Dosing and uses of Complera (emtricitabine/rilpivirine/tenofovir DF)
Adult dosage forms and strengths
emtricitabine/rilpivirine/tenofovir DF (ie, tenofovir disoproxil fumarate)
tablet
- 200mg/25mg/300mg
HIV Infection
Indicated as complete regimen for treatment of HIV-1 infection in treatment-naïve adults with HIV-1 RNA <100,000 copies/mL, and in certain virologically-suppressed (HIV-1 RNA <50 copies/mL) patients on a stable ART regimen at start of therapy in order to replace their current ART regimen
Combination consists of 2 NRTIs (ie, emtricitabine and tenofovir) and 1 NNRTI (ie, rilpivirine)

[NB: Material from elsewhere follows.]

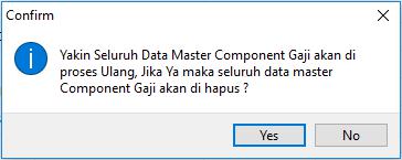 4. Klik Proses untuk mulai melakukan proses import, maka akan tampil pemberitahuan sebagai berikut. Pilih Yes untuk melanjutkan (seluruh data master Component Gaji yang lama akan terhapus) atau No untuk membatalkan.

Indicated as complete regimen for treatment of HIV-1 infection in treatment-naïve adults
1 tablet (emtricitabine 200 mg/rilpivirine 25 mg/tenofovir 300 mg) PO qDay with a meaL
Initiation considerations
- More patients treated with rilpivirine who had >100,000 copies/mL HIV-1 RNA at the start of therapy experienced virologic failure compared with those with <100,000 copies/mL
- Observed virologic failure rate in rilpivirine-treated patients conferred a higher rate of overall treatment resistance and cross-resistance to the NNRTI class compared to efavirenz
- More patients treated with rilpivirine developed lamivudine/emtricitabine associated resistance compared to efavirenz
Dosage modifications
Renal impairment
- CrCl ≥50 mL/min: Dose adjustment not necessary
- CrCl <50 mL/min: Do not use
Dosing Considerations
Initiating in ART-naive patients
- More patients treated with rilpivirine who had >100,000 copies/mL HIV-1 RNA at the start of therapy experienced virologic failure compared with those with <100,000 copies/mL
- Observed virologic failure rate in rilpivirine-treated patients conferred a higher rate of overall treatment resistance and cross-resistance to the NNRTI class compared to efavirenz
- More patients treated with rilpivirine developed lamivudine/emtricitabine associated resistance compared to efavirenz
Replacing current ART regimen in virologically-suppressed adults
- Patients should:
- Have no history of virologic failure
- Have been stably suppressed (HIV-1 RNA <50 copies/mL) for at least 6 months before switching therapy
- Currently be on their 1st or 2nd ART regimen before switching therapy
- Have no current or past history of resistance to emtricitabine/rilpivirine/tenofovir
Pediatric dosage forms and strengths
emtricitabine/rilpivirine/tenofovir DF (ie, tenofovir disoproxil fumarate)
tablet
- 200mg/25mg/300mg
HIV Infection
Indicated as complete regimen for treatment of HIV-1 infection in treatment-naïve adults with HIV-1 RNA ≤100,000 copies/mL, and in certain virologically-suppressed (HIV-1 RNA <50 copies/mL) patients on a stable ART regimen at start of therapy in order to replace their current ART regimen
Combination consists of 2 NRTIs (ie, emtricitabine and tenofovir) and 1 NNRTI (ie, rilpivirine)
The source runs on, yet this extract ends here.